When she moved and her lips found his, he held himself still, letting himself feel every minute movement of her mouth against his.
Letting her tell him what she wanted. He knew what he wanted.
He wanted to give Ivy whatever she needed from him.
Yes, he’d sit through a musical every night.
He’d find the city’s best bagels and bring her one every morning so she could write her book on a full stomach.
He’d tell her all his secrets, all his upsetting stories and his ugly thoughts.
He’d go tell them to a professional, too, because he didn’t want Ivy to be the only one who knew them, and he didn’t want them to have so much power over him.
Ivy’s lips parted and her tongue traced the seam of his lips.
He opened for her, swallowing her sigh as her tongue found his.
He slid one hand into her hair, tracing the fingertips of the other hand lighting down over her jaw, then down her neck.
Another sigh as he brushed them over her collarbone, and she deepened the kiss, claiming his mouth and making heat pool and pulse in his cock.

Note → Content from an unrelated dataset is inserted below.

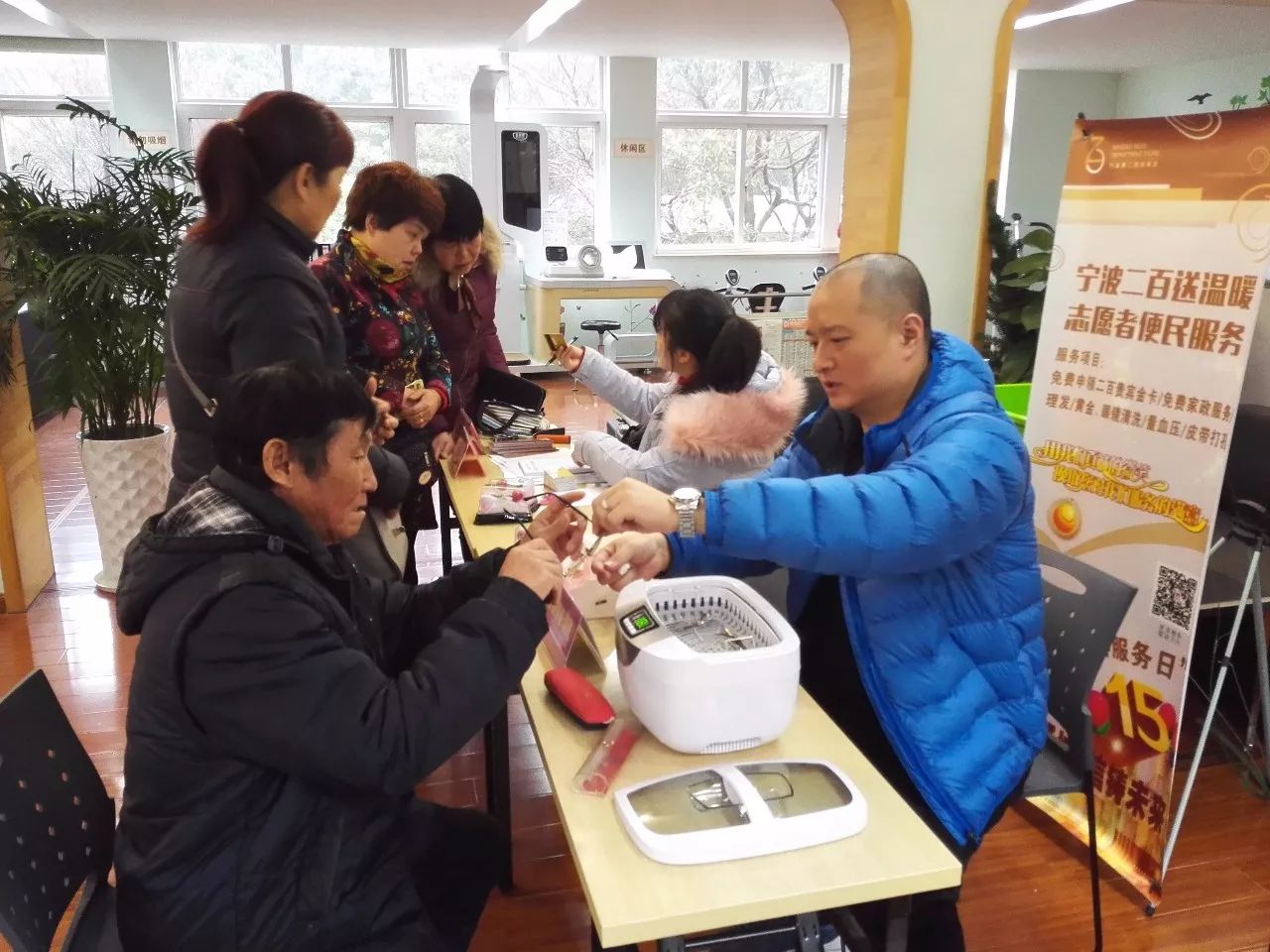 12月28日,一個陰雨綿綿的日子,冷空氣的到來,使甬城染上了絲絲涼意。這樣的日子里,寧波二百志愿者團隊一大早便驅車趕往位于鐘公廟街道的鐘盈小區(qū)進行便民服務。盡管天氣欠佳,但志愿者的熱情確絲毫未曾懈怠,到了小區(qū)服務點之后??粗蝗喝呵皝淼睦夏昃用?,二百志愿者們開啟了忙碌的“行程”。此次二百提供的便民項目主要有:黃金眼鏡清洗、皮帶打孔、血壓測量、義務理發(fā)以及貴賓卡免費申領。

She shifted against the couch, and as if that were a musical cue for a phrase of choreography they’d created together, he slid his hand to her waist and hauled her towards him, turning his body so his back was against the cushions.
A moment and one fluid movement later, she was straddling him, her hips flush with his and the join of her thighs pressed against his growing erection.
Her mouth hadn’t once left his, but now that she was on top of him, he broke the kiss, relishing the small sound of protest that escaped her as he pulled away.
Slowly he traced the same path with his lips that his fingers had taken, tasting the skin beneath her jaw, nipping at the tender skin at the side of her throat, moistening his lips and brushing them lightly along her collarbone.
She shivered and lifted her chin, giving him more access to her throat and those strong, triangular muscles that connected her neck and her shoulders, but a few centimeters below her collarbone, he was thwarted by the neckline of the modest black dress she’d worn to the performance.
He looked down, enjoying the stretch of thighs that had been exposed when she straddled him and the hem rode up.
It was a perfectly nice dress. But he needed her out of it, now.